Modernizing IT: Three things companies should do instead of ripping out legacy systems

A recent story in WIRED described how towns across the U.S. are un-paving roads they simply can’t afford to fix. The town leaders know that new roads would be best, but don’t have the cash to fix them. They see a dirt road as a better alternative to a road riddled with potholes. 

The folks in charge of enterprise systems today – CIO’s, IT directors, etc. – are facing a similar problem. They have outdated, legacy systems that make it difficult for workers to find the information and complete the tasks they need to do their jobs. New systems – namely from SaaS providers – claim better efficiencies, cost savings, and a better environment for innovation, but the investments are simply out of reach for many IT teams and the reality is that they really do not offer a better experience than existing solutions. Just like roads filled with potholes, there is now a decision to make: should companies fix them completely, upgrade them, tear them down, or do nothing? 

We’ve seen this time and again in our discussions with IT teams, CIOs, and business leaders. The director of ecommerce at a major retailer used legacy systems that forced store buyers to look up every SKU across every store in a green screen terminal to determine each store’s inventory. The process took two weeks. After they got a better grasp of store inventory, the buyers would then send emails to store managers telling them what to mark up or down based on the results. The process was incredibly time consuming and outdated. 

In this instance, the company simply didn’t have the option to rip out the ‘roads’ they had previously built complex workflows and data for thousands of items across hundreds of stores were stored in the system. They started using Sapho as an alternative, which sat on top of their existing systems and allowed the company to automatically surface real-time notifications to store buyers when inventory had changed beyond a certain threshold.
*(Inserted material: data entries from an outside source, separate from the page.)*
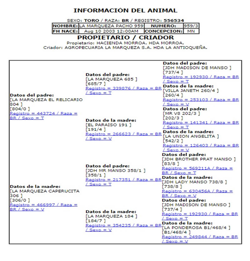 NOMBRE COMPLETO: LA MARQUEZA PACHO 959/3 NÚMERO: 959/3 REGISTRO: 556534 FECHA DE NACIMIENTO: 08/10/2003 TIPO: CARNE – RAZA: BRAHMAN GRIS PADRE: LA MARQUEZA EL RELICARIO MADRE: LA MARQUEZA CAPERUCITA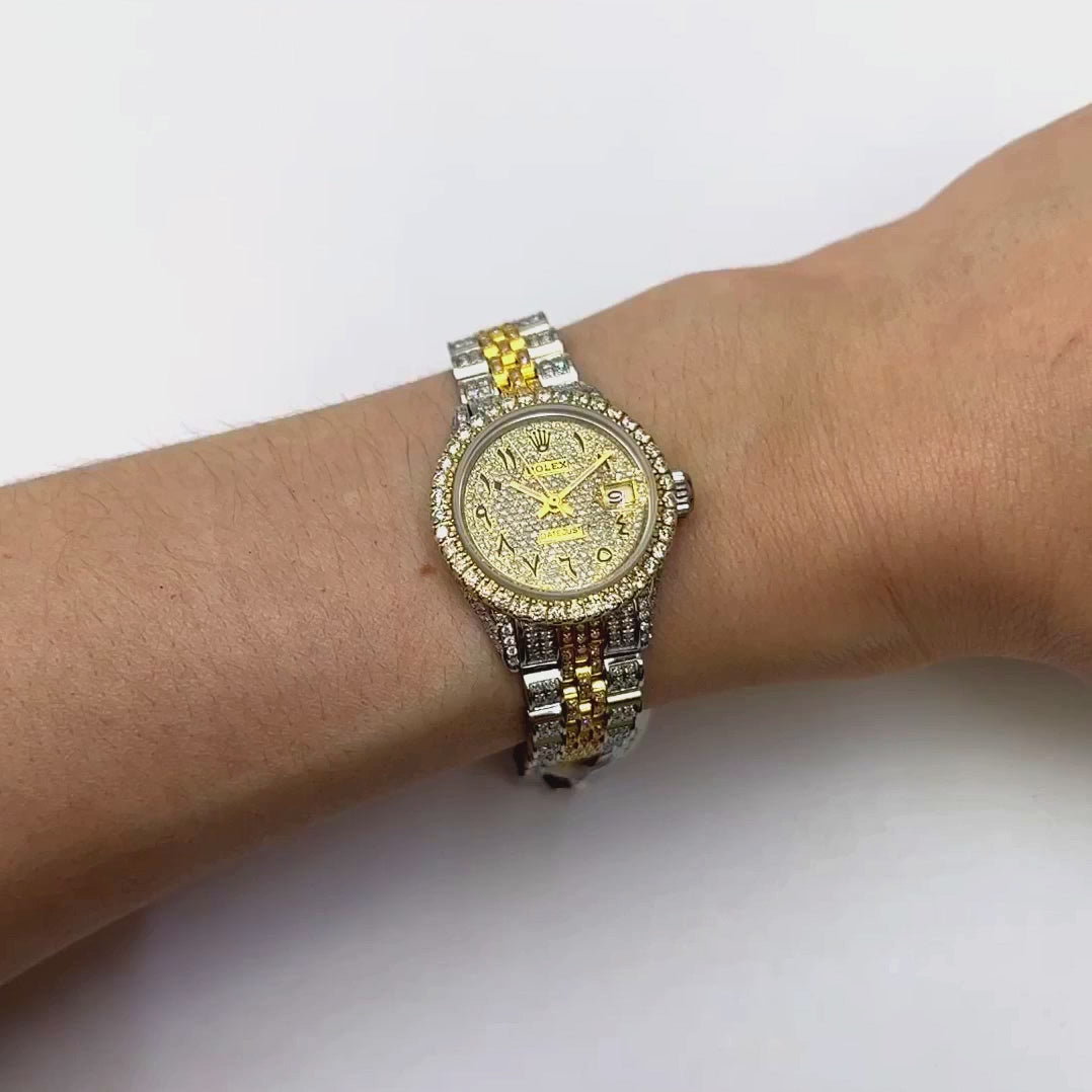 This pre-owned Rolex Datejust 26mm watch features a stainless steel and 18K yellow gold case with a custom diamond pave bezel and dial. The yellow face displays diamond Arabic numerals and is paired with a certified aftermarket Jubilee bracelet. It comes with the original box and certification, making it a standout addition to any luxury collection. Please note: custom diamond work renders the watch non-waterproof. Handle with care. All specifications are approximate.
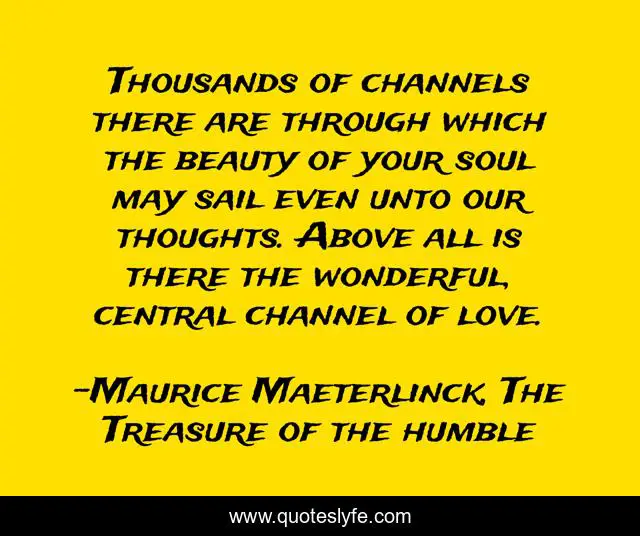 This page presents the quote "Thousands of channels there are through which the beauty of your soul may sail even unto our thoughts. Above all is there the wonderful, central channel of love.". Author of this quote is Maurice Maeterlinck, The Treasure of the humble. This quote is about beauty, love, channel, affection, soul,.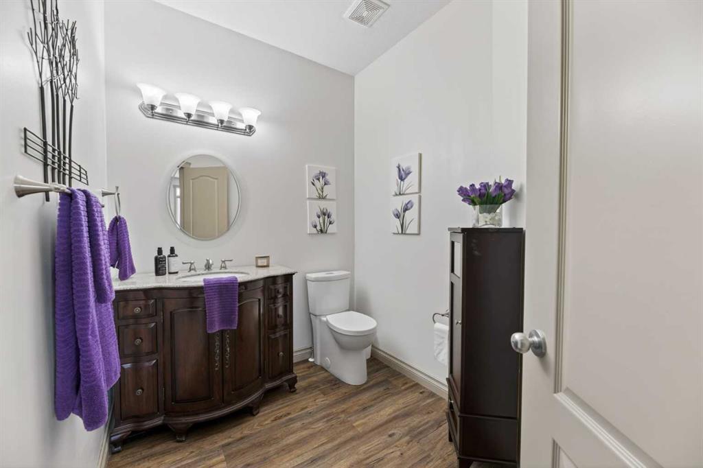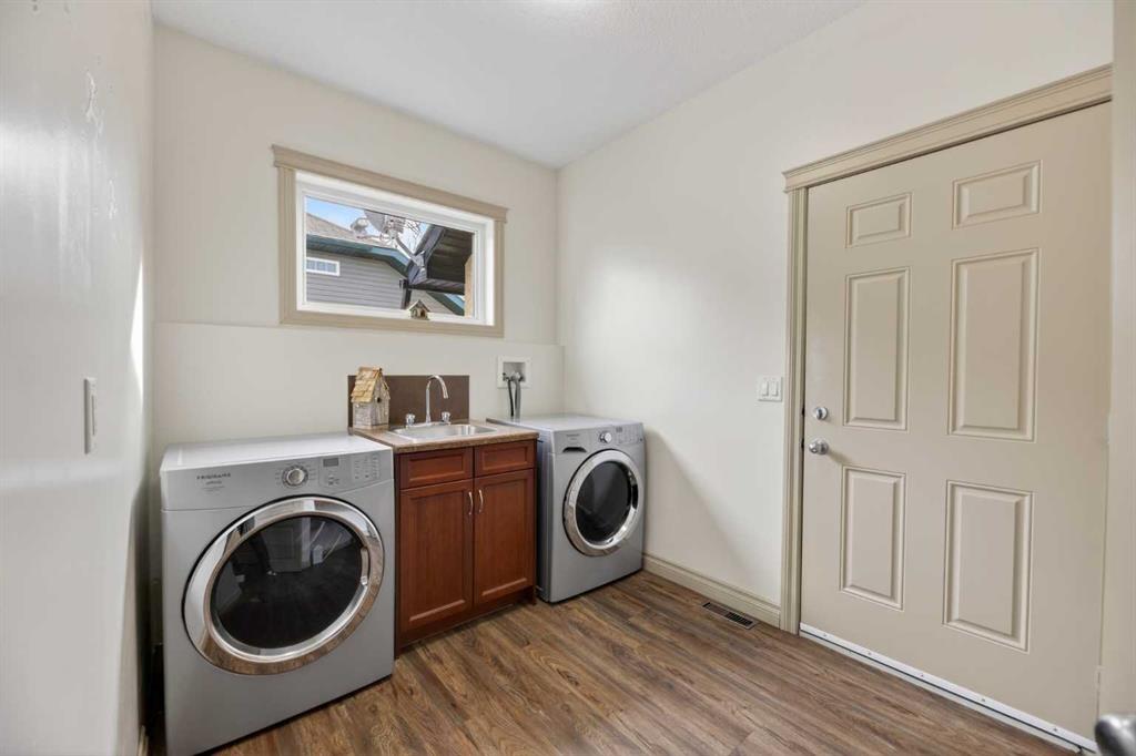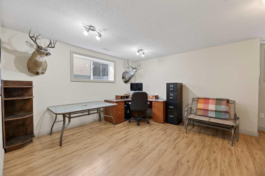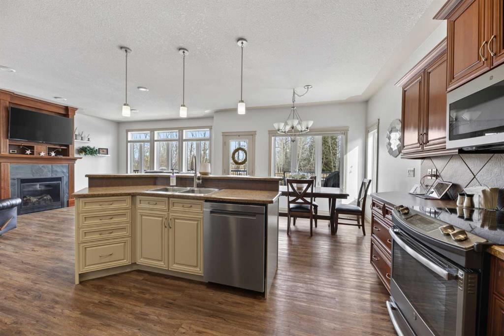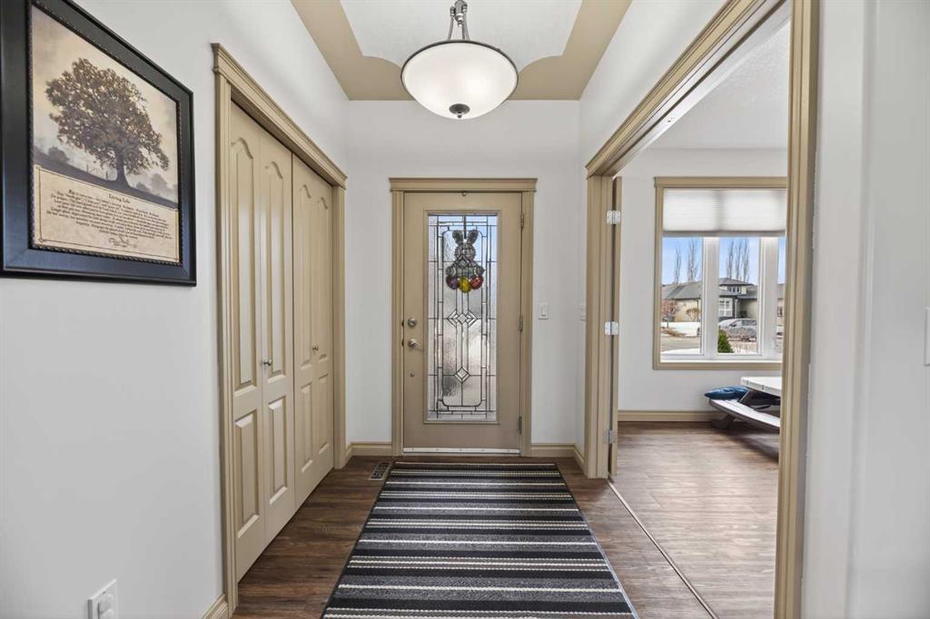 Welcome to this well-maintained bungalow located in a desirable neighborhood, offering comfort & functionality. The main floor features a bright and open layout with a spacious kitchen complete with a corner pantry, island and newer appliances, flowing seamlessly into the dining room-perfect for everyday living and entertaining. The cozy living room is highlighted by a gas fireplace with a beautiful wood mantle, creating a warm and welcoming space. Convenience is key with a 2-piece bathroom and main floor laundry with direct access to the attached double garage with in floor heating & epoxy floor finish. The primary bedroom offers a walk-in closet and 3-piece ensuite, while a second bedroom/office completes the main level. The fully developed basement provides additional living space with two nice sized bedrooms-one has a walk-in closet, a 4-piece bathroom, and a generous family room-ideal for guests or a growing family. In-floor heating in both the basement and attached double garage adds comfort year-round, along with a utility/storage room for added practically. Recent upgrades include vinyl plank flooring on main floor, new hot water tank (2026) and updated toilets on main floor. Additional highlights include central air conditioning, triple pane windows, 12’7 x 27’7 east facing no maintenance deck with natural gas BBQ hookup, chain link fencing, 8’ x 12’ shed, and RV parking with sewer dump. This home is ready for you to move in and enjoy!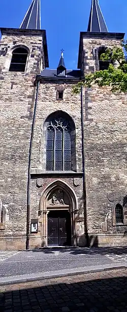 The original building was a Romanesque basilica which was reconstructed many times and today's church is mainly in Gothic style with Romanesque elements.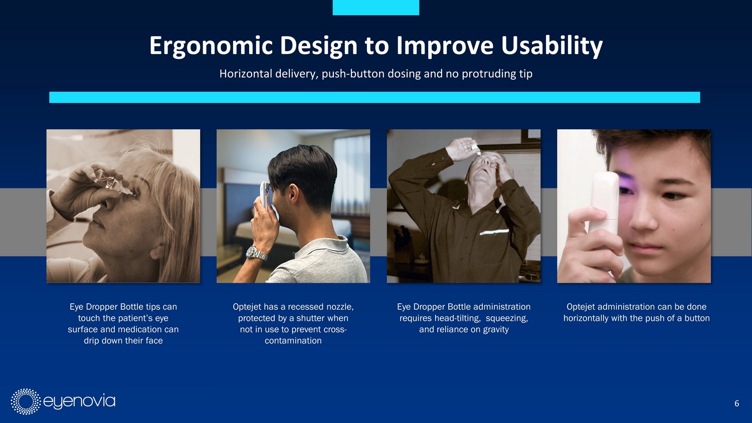5 Introducing the Optejet ® Optejet® with replaceable drug cartridge Spray nozzle with 109 laser - drilled ports Shutter Activation button Ergonomic design Proprietary, pre - filled drug cartridge manufactured by Eyenovia Optejet is a drug - device combination product manufactured with a sterile - filled, replaceable drug cartridge and equipped with Optecare Œ (connected care) capabilities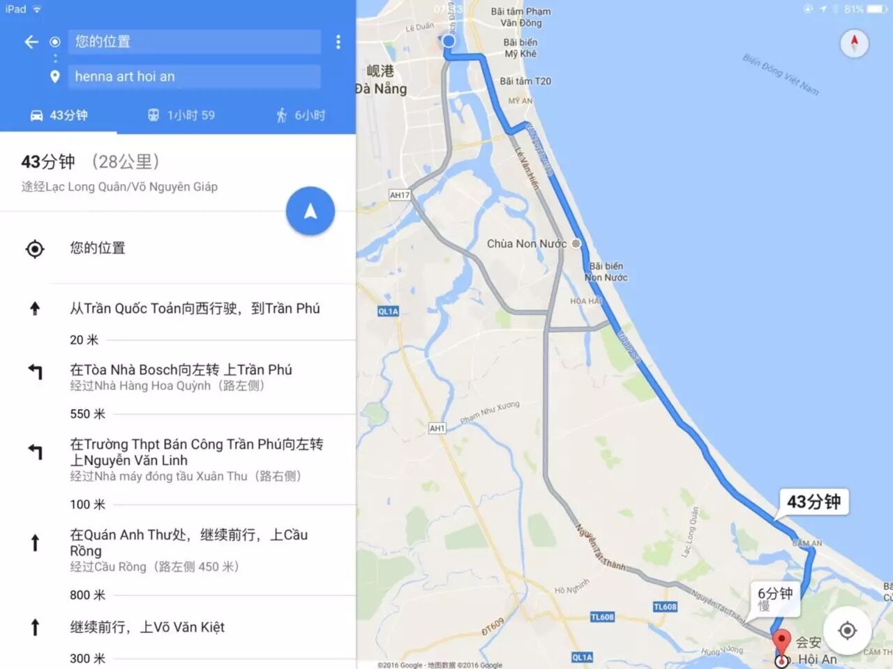另外这个地址是可以到会安古镇的,没有问题,只是这家“印度纹身”店已经不再存在。图中是骑车行驶的时间,摩托车的话大概要两倍的时间(如果顺利不像我迷路的话)。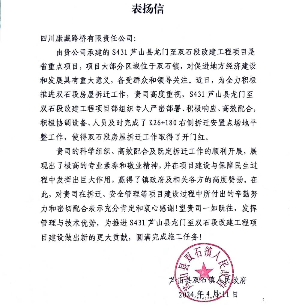 近日,雅安交建集團(tuán)四川康藏路橋有限責(zé)任公司收到來(lái)自蘆山縣雙石鎮(zhèn)人民政府的表?yè)P(yáng)信。信中對(duì)S431蘆山縣龍門至雙石段改建工程項(xiàng)目部積極協(xié)調(diào)設(shè)備、人員配合當(dāng)?shù)卣瓿蒏26+180右側(cè)拆遷安置點(diǎn)場(chǎng)地平整工作,使得雙石段房屋拆遷工作取得了開(kāi)門紅給予了高度評(píng)價(jià)和贊揚(yáng)。

Buyers could then simply push out a markup or markdown based on inventory to all of the stores. What was once a manual, two-week process became instantaneous. Now store managers get a notification when they should change a price (or if a shipment is delayed) instead of waiting for a biweekly email. And all without having to rip out and replace old systems. 

Many companies are faced with a similar situation to the above retailer. Their systems and processes are too complicated and time-consuming for an employee to get work done quickly. But how can companies modernize their legacy systems and update these workflows, without completely ripping up the road they’ve already laid out? Here are three things companies can do: 

  1. Break down information siloes. Information silos keep employees from getting a complete view of the information they need to do their jobs. Often times, related information sits across multiple systems and employees must log into each to pull the data they need. In addition each department in an organization has its own applications, which often prevents outside employees from pulling important information. Even when employees ask another department for a report they need – which can take weeks – they might get the report back and have to restructure all of the data so it’s aligned with the data they already have.
  2. Become more predictive. Outdated software doesn’t anticipate what users will need: it simply stores data and events that have occurred and forces employees to use the software to find out if anything interesting has happened. Modern enterprise software that leverages machine learning has the potential to analyze trends in data and predict what’s next. For example, it can anticipate that when the HR team removes a job listing, the IT team should be notified that a new hire will start soon and will need a new computer, company logins, and training.
  3. Embrace push computing. Pushing relevant and personalized data and actionable activities to employees is essential to making legacy systems easier to use as employees no longer need to access these system to find what they are looking for. By aggregating important data and tasks, pulling it into a simple, actionable newsfeed, and pushing it to relevant employees, employees can now easily take action, rather than letting a request sit for weeks. 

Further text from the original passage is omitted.